9/11 widow honored to view Pontiff

Staff, Boston Herald

NEW YORK — Christie Coombs brought a cross and a photo of her husband to the World Trade Center with the hope of having Pope Francis bless them.

In the end, Coombs only caught a “decent glimpse” of the Holy Father yesterday before he led an interfaith service at the 9/11 Memorial — a small and fleeting moment but one that touched the Abington widow more than she could have 
imagined.

Christie Coombs, whose husband, Jeff, died in the 9/11 terror attacks, brought a cross and a photo of him to the World Trade Center yesterday to listen to Pope Francis speak.Photo by Christopher Evans

Christie Coombs, whose husband, Jeff, died in the 9/11 terror attacks, brought a cross and a photo of him to the World Trade Center yesterday to listen to Pope Francis speak.Photo by Christopher Evans

“You never find closure. But there’s definitely comfort,” said Coombs, who lost her husband, Jeff, in the September 11, 2001, attacks. He died aboard American Airlines Flight 11.

She attended the ceremony at Ground Zero, where Francis spoke for roughly 15 minutes — emphasizing solidarity and hope — after saying a prayer at the memorial’s south reflecting pool.

The Pope honored the “senseless” loss of life, but also praised the heroism on 9/11.

“The names of so many loved ones are written around the towers’ footprints. We can see them, we can touch them and we can never forget them,” he said. “Here, amid pain and grief, we also have a palpable sense of the heroic goodness which people are capable of, those hidden reserves of strength from which we can draw.”

Coombs said it was an “honor” to be there.

“You take these unique opportunities that come along the way because of the way Jeff died, and you embrace them,” she said. “Because you can’t make Jeff come back. You can only 
make the process a little more bearable.”

Coombs, in many ways, has become the local face of those who lost loved ones in the 2001 attacks, creating a memorial in her husband’s name and, in the aftermath of the 2013 Boston Marathon bombings, talking with survivors and families to help them manage their grief.

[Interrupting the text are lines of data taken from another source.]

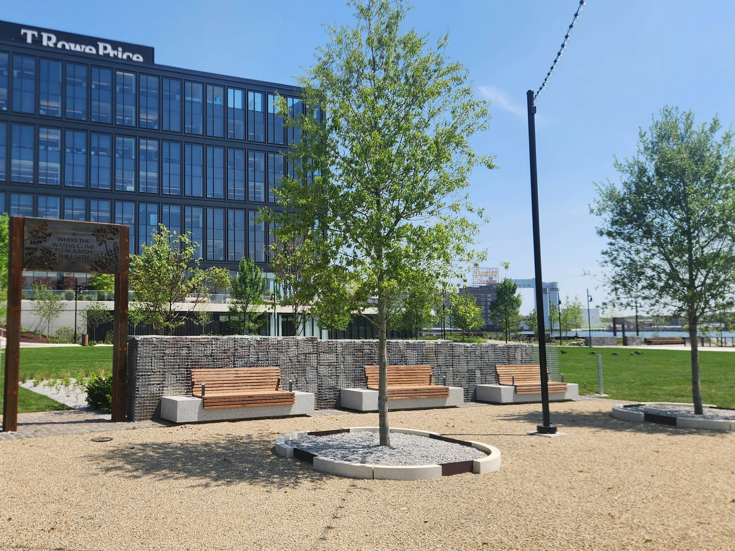 Long before its industrial use, the land was part of the Chesapeake Bay watershed, historically inhabited and stewarded by Indigenous communities. With the support of T. Rowe Price and the Waterfront Partnership of Baltimore and in collaboration with the Baltimore American Indian Center and other Native American consultants, Point Park features educational signage that shares the Indigenous history of the land and helps visitors connect with its roots.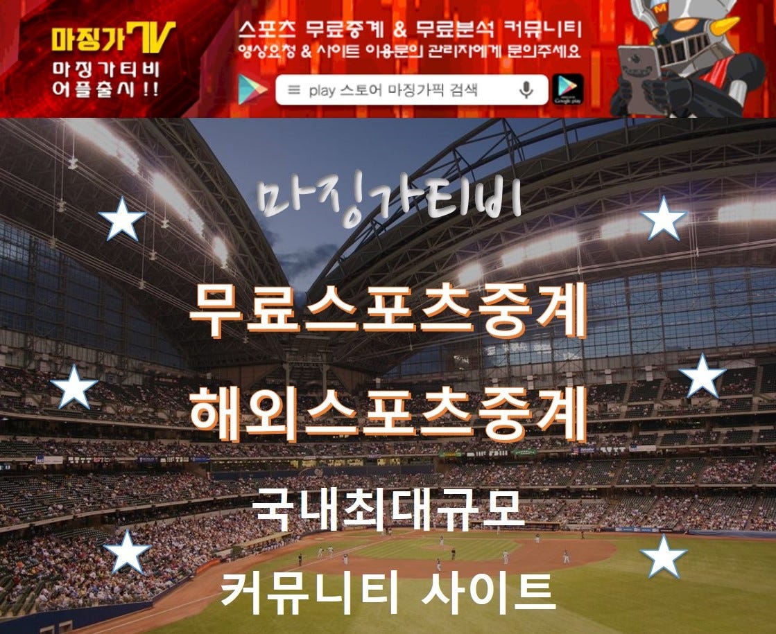 마징가티비는 메이저스포츠방송국으로써 100% 실시간 무료 tv 방송을 제공해주는 것외에도 많은 정보를 가지고있는 곳입니다.해외축구중계, nba중계, 해외스포츠중계, 국내농구중계, 해외야구중계, mlb중계, 국내야구중계, kbo, 배구중계, 해외배구중계, kovo중계, ufc중계, 테니스, 정보공유
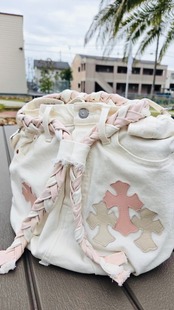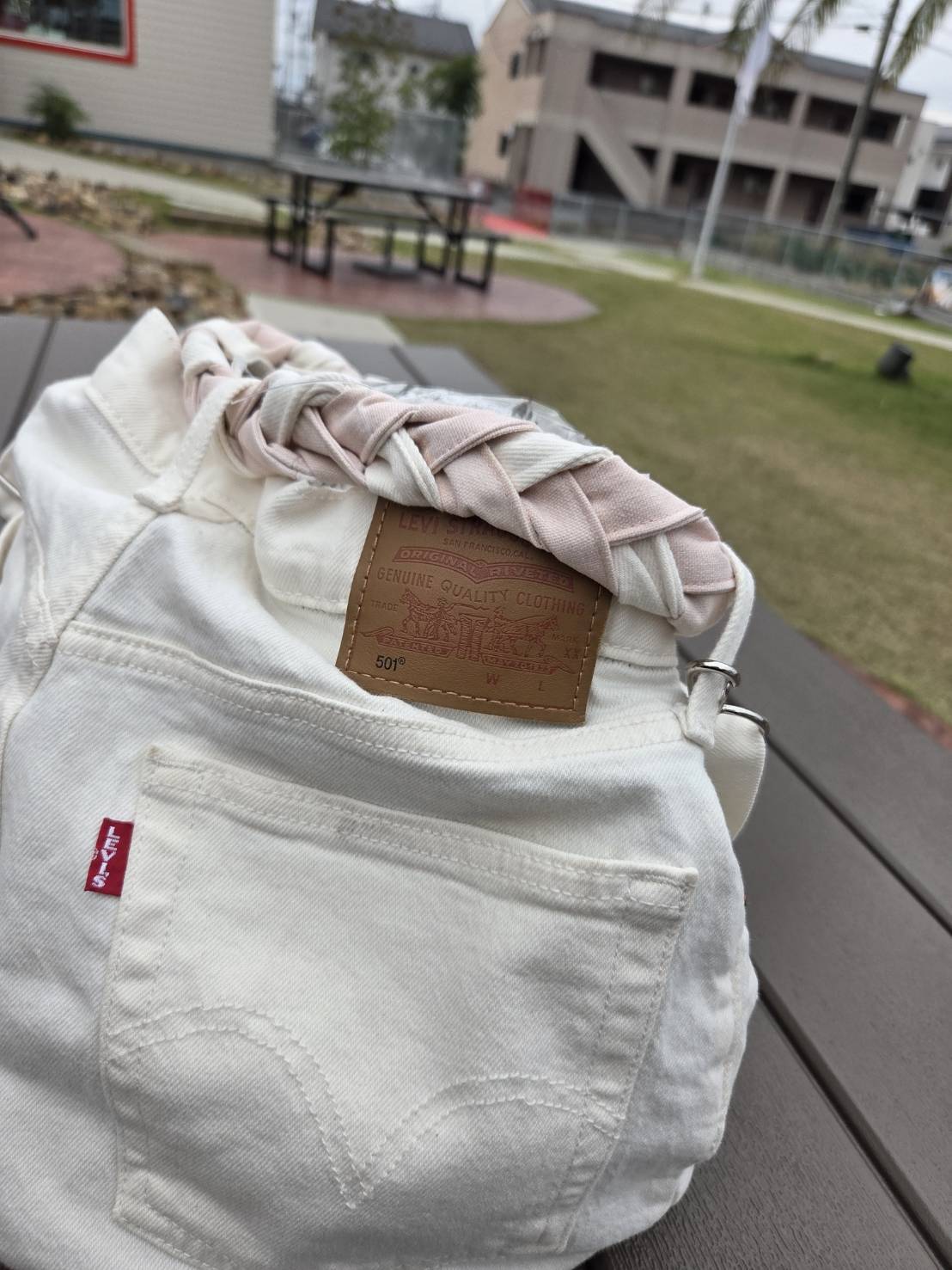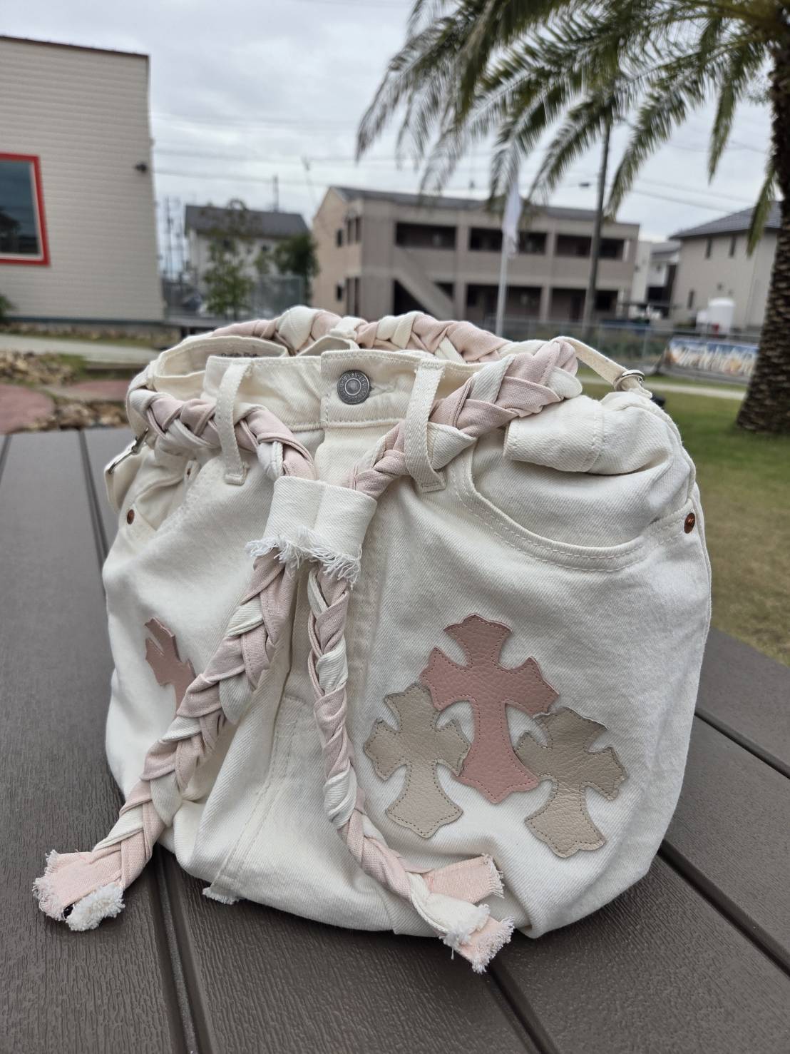ベースに使っているのは、誰もが愛するLevi's 501のホワイトデニム。自社工場でひとつひとつ丁寧に、デニムの丈夫さを活かした巾着スタイルに作り替えました。淡いピンクやベージュのクロスパッチは、どこか優しげで洗練された西海岸の空気を運んでくれます。

But in scoring a coveted place at the 9/11 memorial, it was pure chance. She said she entered her name into a lottery.

“I think Jeff had his hand there and was pulling my name out for me, knowing how much this would have meant for me,” Coombs said.

The experience, she added, was a poignant one, even if she and other relatives didn’t get a chance to meet the Pope. Some, she said, voiced their “disappointment,” as Francis met some families and first responders, but not all, and many, like her, watched the ceremony via a live feed set up on a nearby lawn of the memorial.

But Coombs, emotion breaking into her voice as she spoke to reporters outside, said she came away feeling enlightened.

“I was holding his picture, and I brought with me the cross that was given to me, after Jeff was killed, by our pastor when we had our memorial service — it hangs right next to my bed,” Coombs said. “I took it just in case we did have some interaction with the Pope so it could be blessed. But I feel like just being there it did get the blessing of the Pope.”